I love it too...but when you actually eat so much of it that you start to sweat it...even the next day!!  LOL


----------



## RScott (Feb 6, 2016)

Kimchi.


----------



## CALEMT (Feb 6, 2016)

Taco Bell.


----------



## squirrel15 (Feb 6, 2016)

Cooked vegetables like broccoli or asparagus


----------



## DesertMedic66 (Feb 6, 2016)

CALEMT said:


> Taco Bell.


You are giving me way to much ammo to use if we ever work together


----------



## CALEMT (Feb 6, 2016)

DesertMedic66 said:


> You are giving me way to much ammo to use if we ever work together



Oh bro if we work together forget Taco Bell. We're going to Santana's and getting the greasiest food we can find. It'll be epic.


----------



## chaz90 (Feb 6, 2016)

Chili dog. You may think this one will be different. You may have convinced yourself you're better than the others who have tried and failed. 

It's not different, and you're not better. This ends only one way, and you're wearing a white shirt.


----------



## COmedic17 (Feb 7, 2016)

Fish. Most seafood. 


The smell alone makes me gag.


----------



## OnceAnEMT (Feb 7, 2016)

Broccoli...


----------



## redundantbassist (Feb 7, 2016)

CALEMT said:


> Taco Bell.


I have yet to meet someone who has the power to eat taco bell and pass a solid stool.


----------



## OnceAnEMT (Feb 7, 2016)

redundantbassist said:


> I have yet to meet someone who has the power to eat taco bell and pass a solid stool.

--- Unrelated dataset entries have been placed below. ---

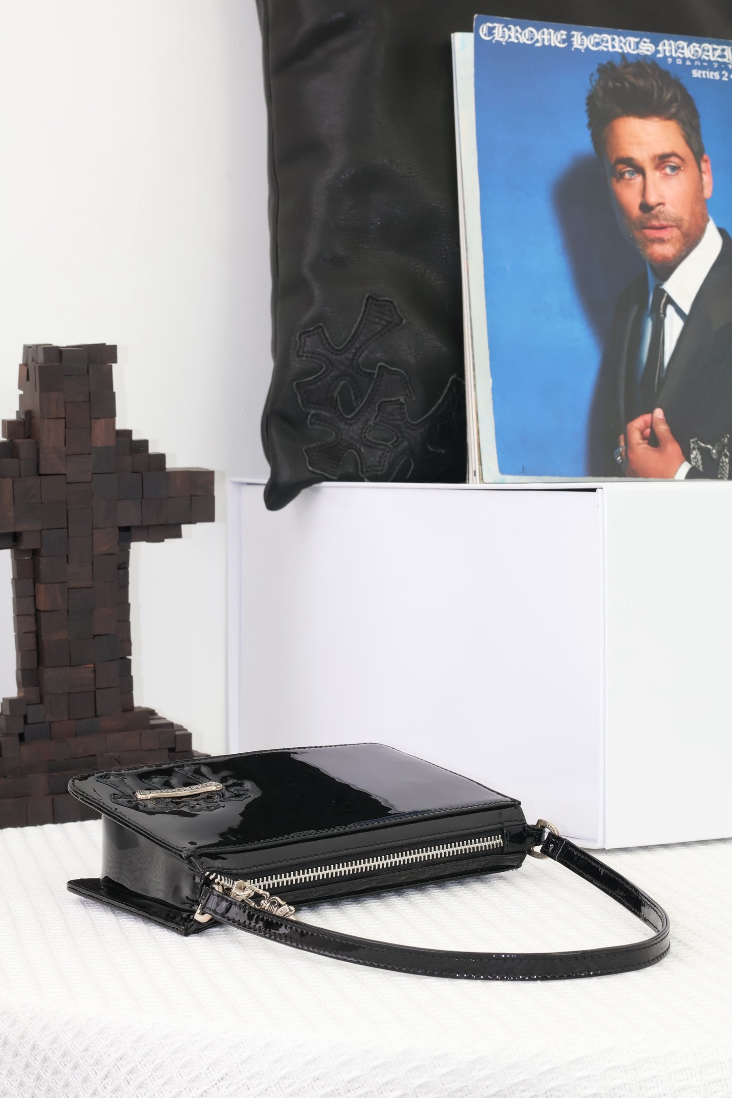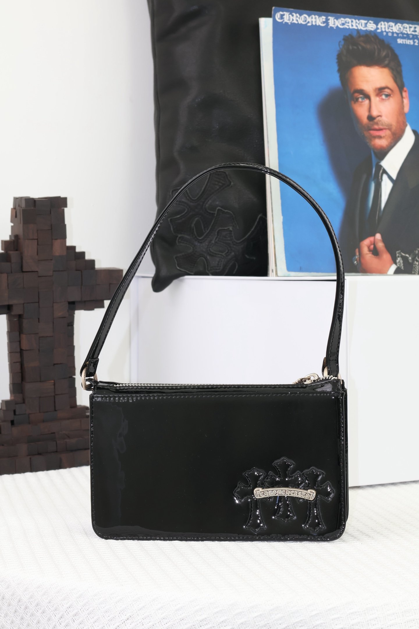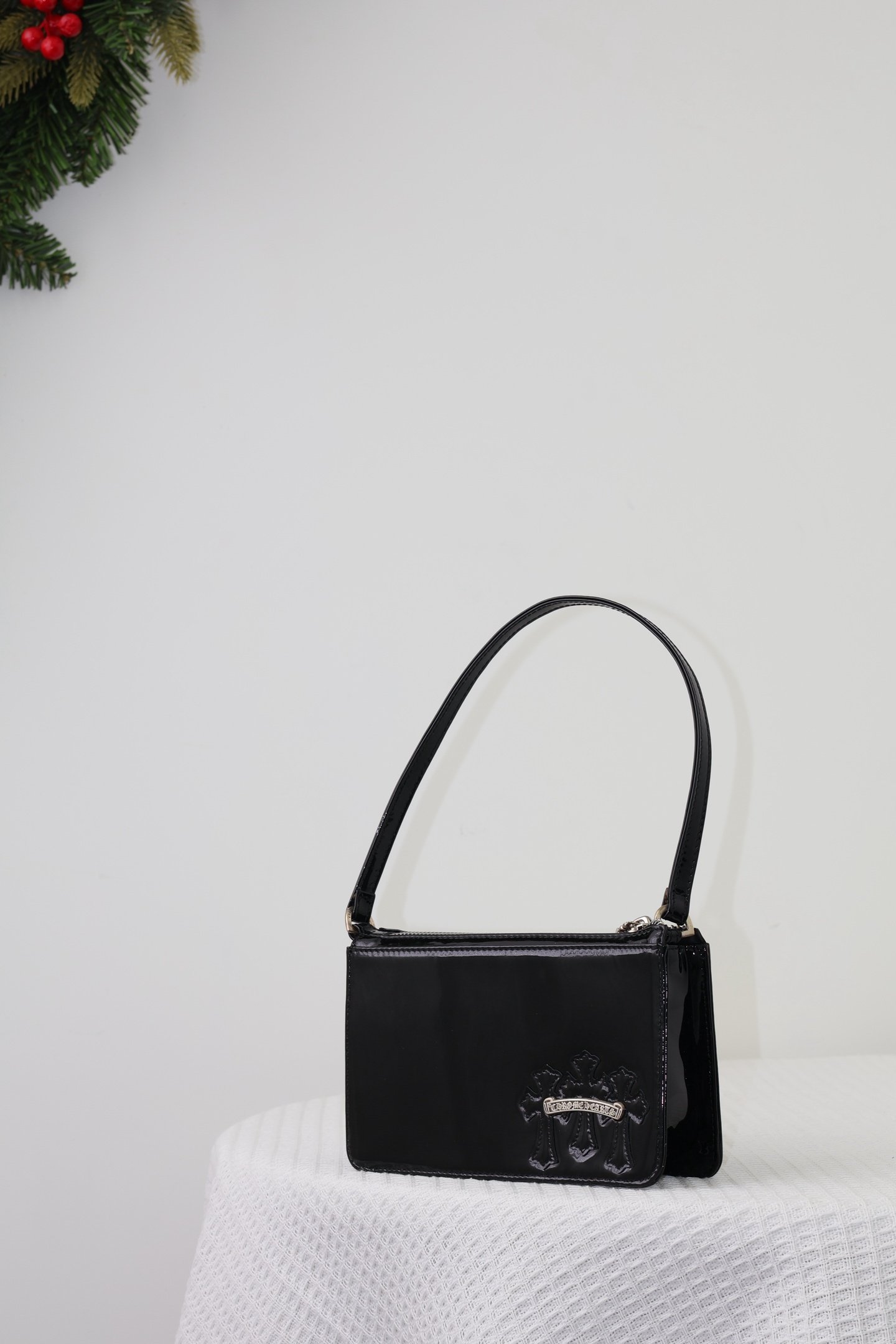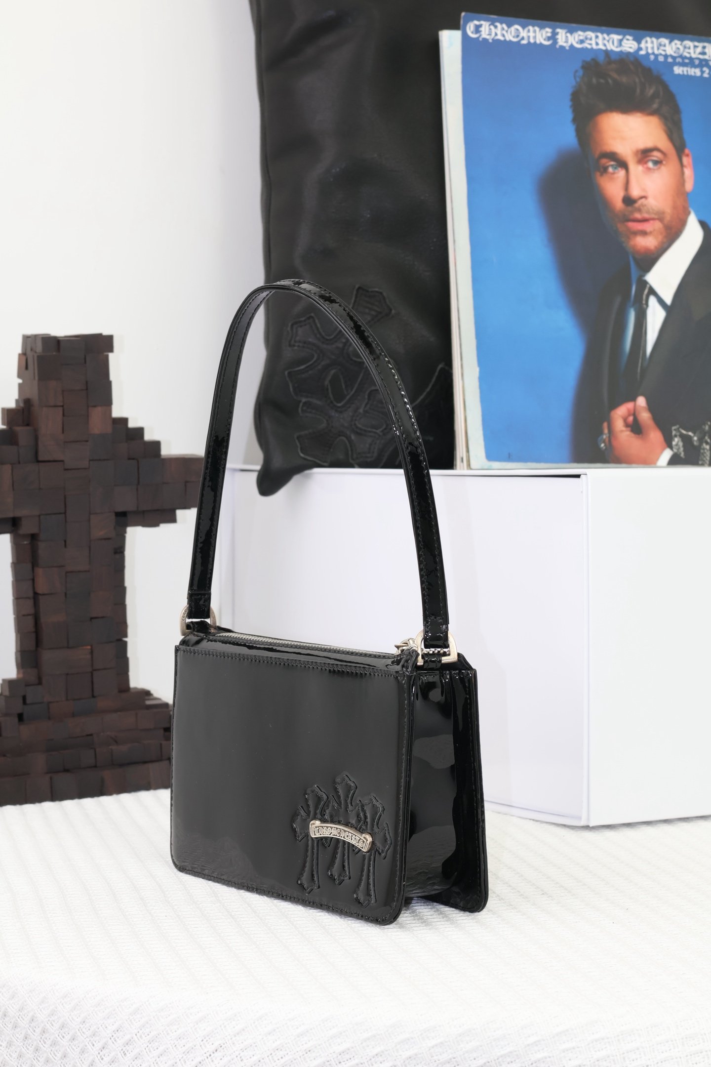 Home Chrome Hear* Bag 𝖳𝗁𝖾 𝗇𝗂𝗀𝗁𝗍 𝖻𝖺𝗀-Patent leather and cowhide(𝖳𝗁𝖾 𝗇𝗂𝗀𝗁𝗍 𝖻𝖺𝗀方形腋下包-漆皮牛皮)
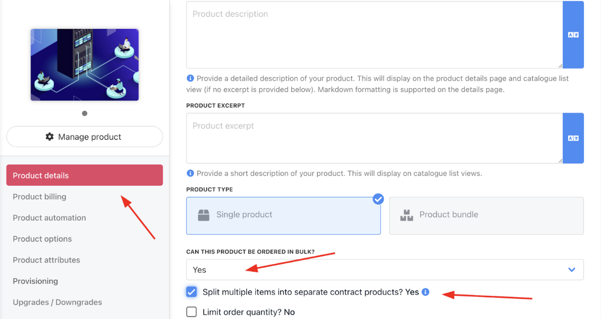 When enabled, Upmind automatically creates separate contract products for each unit in a bulk order. This means every item in the bulk purchase is tracked individually from provisioning to billing and renewal.
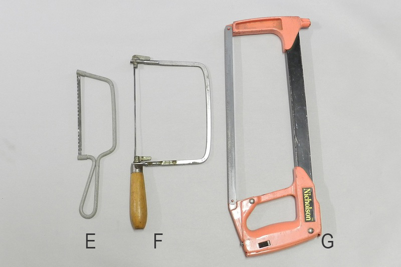 Now, the metalworkers saws. All these saws are readily sourced from a hardware store. Model F is a coping saw, used more for woodwork than metalwork but blades are made for use with metal. The blade is rotatable and as such, the back of the frame may be perpendicular to the cutting line rather than behind and following it. Any angle in between is possible as well. The coping saw will also allow you to follow shallow curves. While similar in appearance to the jewellers saws above, it is not a replacement and lacks the ability to follow tight curves. The hacksaw, model G, lives up to its name. Designed for grunt work as it were. For thick rod, bars, sheet, if you have to go at it hard, it’s the one to go for.
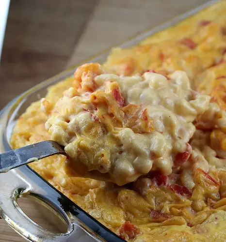 - Serve with the meat sauce over the noodles garnished with the left over onion and shredded cheddar cheese.
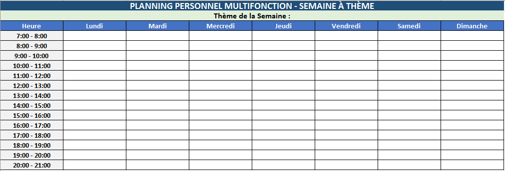 Un modèle multi-usages divisé par thèmes (cours, sport, famille, etc.) avec un champ “Thème de la semaine” en haut du tableau. Idéal pour organiser des semaines à thème ou des routines variées.
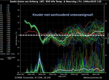 Er komt geleidelijk wat meer duidelijkheid in de weerkaarten. Natuurlijk zijn er nog wel wat verschillen in uitkomst. Maar de trend is duidelijk kouder. Hier durf ik mijn handen spreekwoordelijk al voor in het vuur te steken. Maar hoe zit het met de sneeuw hoor ik jullie denken. Die komt er ook. En doordat de koudere periode hoogstwaarschijnlijk wat langer aanhoudt gaan de sneeuwkanonnen volgende week over de gehele breedte aan. Daar weten de locals wel raad mee. Volgende week staat voor veel gebieden in het teken van het voorzichtig aanleggen van een eerste solide basislaag. Dat klinkt ons wintersportliefhebbers als muziek in de oren!
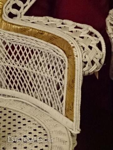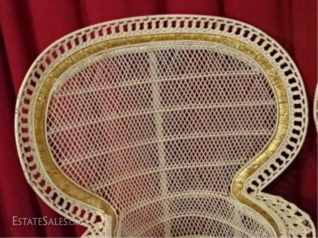 LOT 21: PAIR GILT AND WHITE WICKER PEACOCK ARMCHAIRS, WHITE ENAMEL FINISH WITH GILT GOLD ACCENT STRIPE, VERY GOOD VINTAGE CONDITION WITH SOME LOSS OF FINISH IN SPOTS, 54" X 40" X 20", SKU387.44
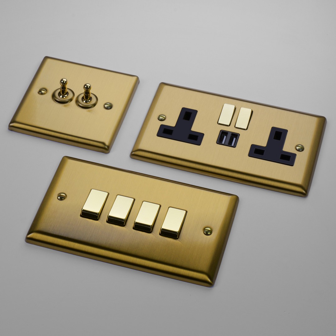 The Brushed Brass finish combines vintage style with a modern twist to suit both a traditional or modern decor. Black or white inserts and rockers are available, or choose polished brass rockers for an added touch of class. Varilight Decorative wiring accessories are British made and covered by the Varilight lifetime guarantee.
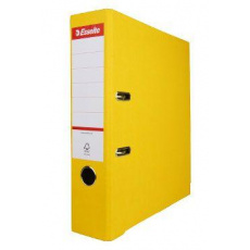 Mramorový papírový pákový pořadač se žlutými deskami a hřbetem. Formát A4. Hřbet 75 mm. hřbetní otvor uzavírací mechanismus (radozámek) kovové ochranné lišty nalepovací hřbetní etiketa

Let's talk. Quesarittos are the traveler's friend.


----------



## gotbeerz001 (Feb 7, 2016)

redundantbassist said:


> I have yet to meet someone who has the power to eat taco bell and pass a solid stool.


I'll take that bet.


----------



## Mufasa556 (Feb 7, 2016)

Grimes said:


> Broccoli...



I did this one night. I was on a health kick and steamed some broccoli. Cracked that Tupperware open at post and the smell made my partners lose their minds. It took about a month for them to stop bringing it up. 

Never again.


----------



## Jim37F (Feb 7, 2016)

Ice cream cones...tones will drop the moment it starts to melt, and you can't just put it in the cupholder....


And it has to be said:
	

		
			
		

		
	












	

		
			
		

		
	
curtosey of https://m.facebook.com/Funny-Emergency-Calls-320785731314112/ lol


----------



## OnceAnEMT (Feb 8, 2016)

Jim37F said:


> And it has to be said:



I'll just leave this here, then!


----------



## Jim37F (Feb 8, 2016)

Well it's one thing when it's actually a bus lol


----------



## Tigger (Feb 8, 2016)

redundantbassist said:


> I have yet to meet someone who has the power to eat taco bell and pass a solid stool.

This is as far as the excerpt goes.